Given the free movement of Canadian factors of production to the south, what did Macdonald's Tariff of 1879 really accomplish? Basically, it increased the cost of living by reducing the incomes of Canadians, and little else. The tariff was a revenue-gathering device, not a protective instrument. Few of the industries that did
exist could qualify as infant industries worthy of protection. They were small, single-product, and community-based firms in a largely barter environment, fully protected by transportation costs and local loyalties, and themselves indifferent to expansion and larger markets. Markets in Canada were not national, as the Fathers of Confederation had vociferously and confidently predicted, but a jumble of separate markets sustained by geographic barriers and transportation costs, plus the fierce regional and cultural loyalties that made market penetration a costly affair.

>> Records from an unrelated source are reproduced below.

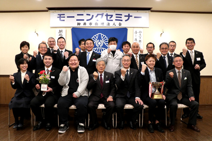 この日は冒頭で3月16日開催された第10回山口県朝礼コンテストで、見事優勝された和楽の方々が優勝報告に来られました。お二人とも大変うれしそうにお話をされていました。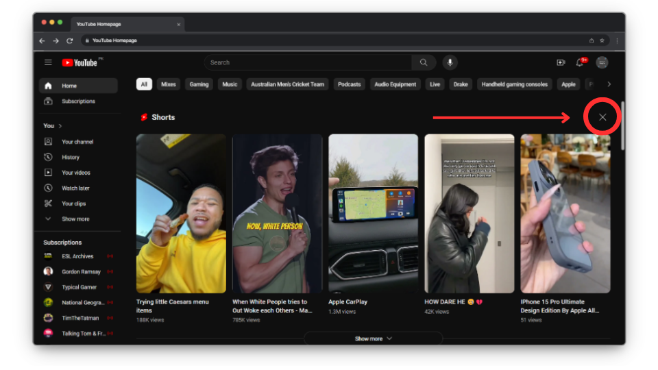 4. Remove YouTube Shorts from the Homepage Shelf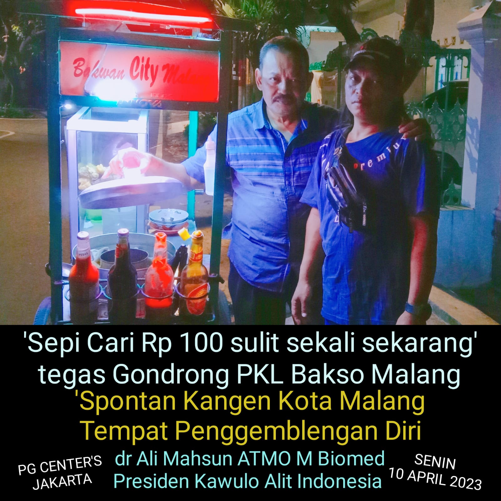 Jakarta-Berandankrinews.com. Ditengah makin panasnya dinamika tata kehidupan di negeri ini, sungguh memiluhkan apa yang disampaikan Cak Gondrong Penjual Bakso City Malang Asli Magelang Jawa Tengah untuk mencari Rp 100 ribu saat sulit sekali. Itulah keluh kesah Kawulo Alit Cak Gondrong kepada Presiden Kawulo Alit Indonesia (KAI) dr Ali Mahsun ATMO M Biomed di PG CENTER’S JAKARTA Senin Malam 10 April 2023.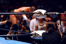 東郷コーナーに上る、そこを野橋が急襲(左写真)。「テロ予告」はしていたが、本当にこの試合に乱入するとは・・・。ラッセも入って2人を滅多打ち。

If the tariff had been effective as a protective measure—that is, if it had succeeded in preserving Canadian markets for Canadian entrepreneurs—one could have expected a flow of the new American branch plants during this period. In fact, there was little direct investment during the next twenty years, indicating that Canadian markets were too small and scattered to justify investment and that the most efficient way to supply the meagre market was still the shipping of American goods, not capital, over the tariff wall.

It was only when the frontier in the United States had been closed that American capital turned its attention northward. Confederation, to repeat, was a political union that never became a nation in control of its own economy. The national policy of 1879, often touted as Canada's declaration of economic independence, was nothing more than a sales tax on the Canadian consumer, a source of revenues to shore up declining customs and excise revenues and to avert national bankruptcy.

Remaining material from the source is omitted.